*Task to complete*.
From the first line of the listing, copy each line exactly until you have included the line with "this is how"; leave out the pictures.

(Information supplied begins)

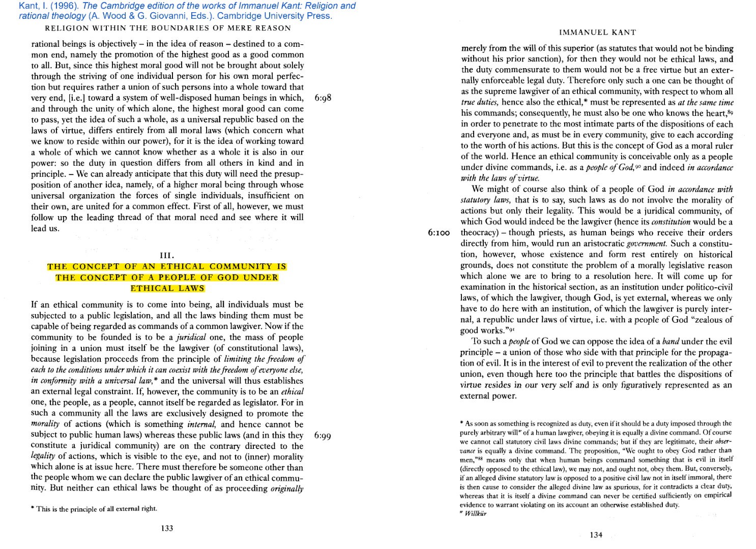 "[The rebirth] has something holy for its end (the formation of a human being as a citizen in a divine state)". (Text)/(AA VI:199)
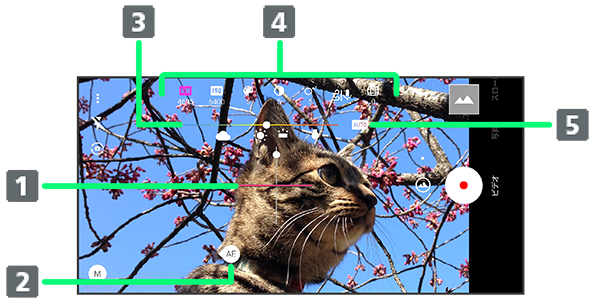 - ご利用になるカメラや撮影モード/シーンによって、画面に表示されるアイコンや利用できる機能・設定は異なります。
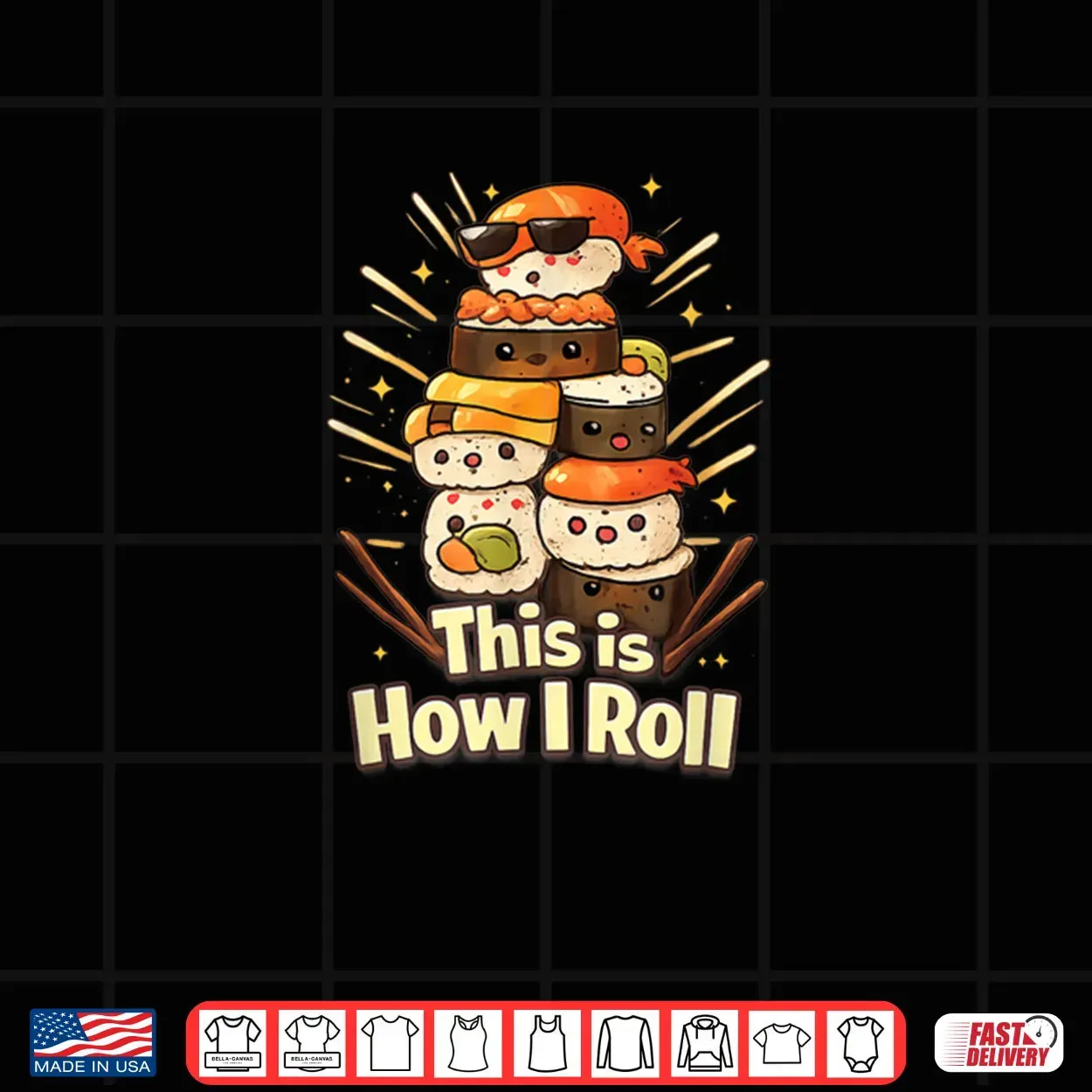 this is how i roll, cute kawaii, sushi roll, sushi lover, pun, food humor, japanese, adorable, animal, shirt
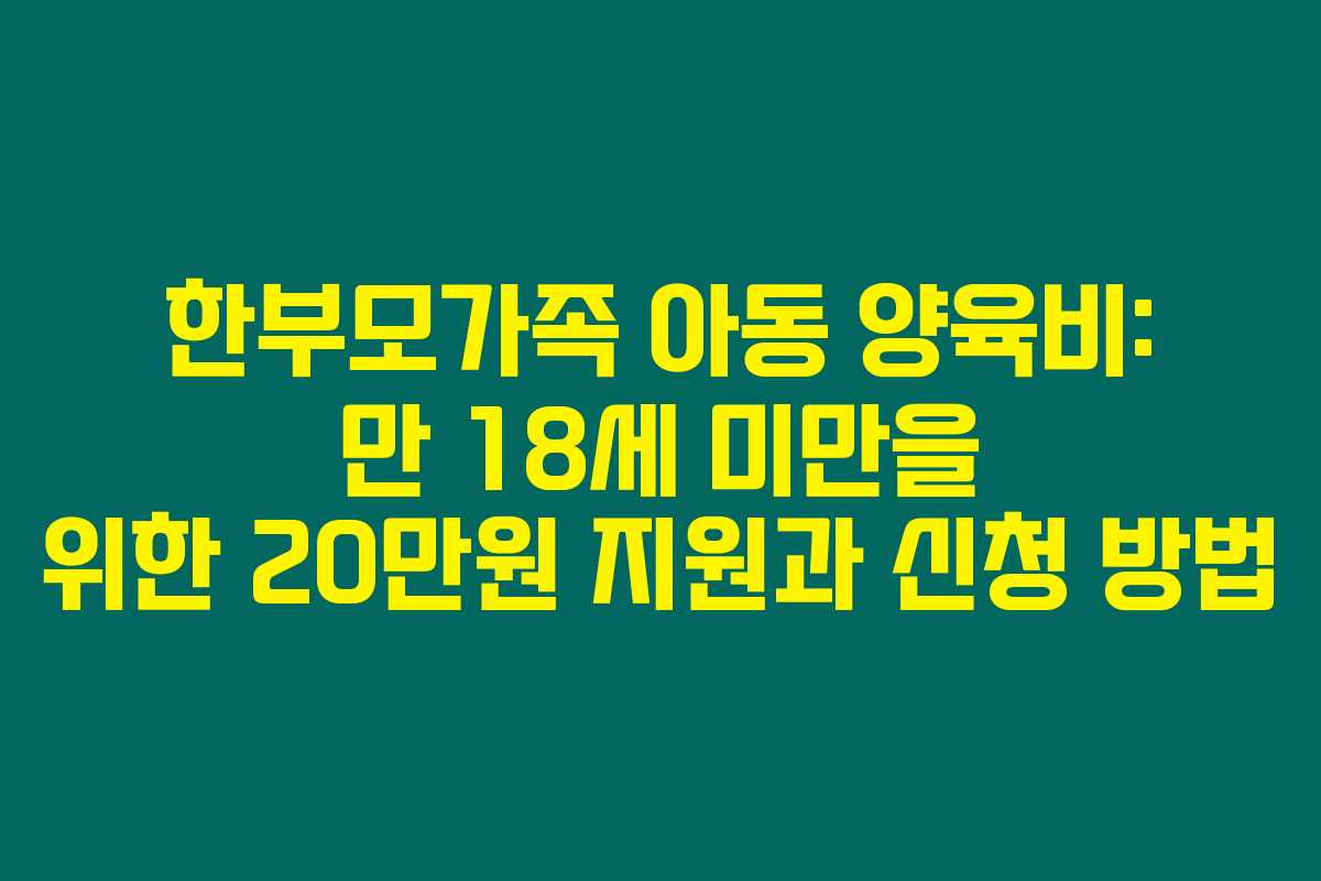 제가 직접 리서치한 바로는, 한부모가족을 위한 아동 양육비가 매우 중요한 제도라는 것을 알게 되었어요. 만 18세 미만의 아동에게 월 20만원이 지원된다는 사실, 정말 고맙게도 정부가 이렇게 많은 혜택을 제공하고 있답니다. 아래를 읽어보시면, 이 지원의 내용과 신청 방법에 대해 더 자세히 알 수 있을 거예요.

(Information supplied ends)

*Response box*.
 "[The rebirth] has something holy for its end (the formation of a human being as a citizen in a divine state)". (Text)/(AA VI:199)
 - ご利用になるカメラや撮影モード/シーンによって、画面に表示されるアイコンや利用できる機能・設定は異なります。
 this is how i roll, cute kawaii, sushi roll, sushi lover, pun, food humor, japanese, adorable, animal, shirt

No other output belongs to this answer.